Paste the printed export lines into your shell, then use any OpenAI-compatible client. The only Daytona-specific detail is the x-daytona-preview-token header; everything else is the standard OpenAI API surface, including stream=True for token streaming.

Terminal window
curl -sS --connect-timeout 30 --max-time 120 "$ENDPOINT/v1/chat/completions" \
-H "x-daytona-preview-token: $TOKEN" \
-H "Content-Type: application/json" \
-d '{
"model": "gpt-oss-20b",
"messages": [{"role": "user", "content": "Write a haiku about a sandbox where AI agents run code."}],
"max_tokens": 4096
}'

The subsections below drive that same client through SGLang’s features, each a runnable example in query_openai.py: streaming, reasoning effort, structured output, tool calling, and prefix caching.
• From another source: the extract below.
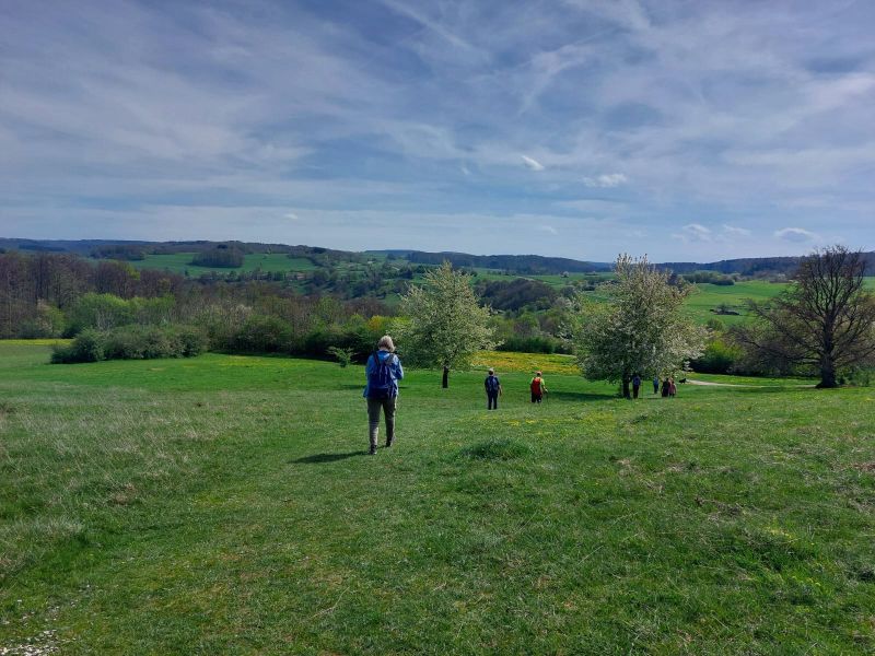 Über weitflächige Heidelandschaft führte uns der Weg entlang des Albtraufes über den Aussichtspunkt Auchtert zum Randecker Maar (ehemaliger Vulkanschlot mit einem Durchmesser von 1,2km). Wenn es hier die Schafbeweidung nicht gäbe wäre hier Wald.

Set stream=True and tokens arrive as deltas instead of one final message. gpt-oss streams its reasoning channel first and the answer second, in separate fields, so printing both reasoning_content and content follows the whole generation as it comes:

stream = client.chat.completions.create(
model="gpt-oss-20b",
messages=[{"role": "user", "content": "Write ten haikus about tokens arriving one at a time."}],
max_tokens=8192,
stream=True,
)
for chunk in stream:
delta = chunk.choices[0].delta
print(delta.reasoning_content or delta.content or "", end="", flush=True)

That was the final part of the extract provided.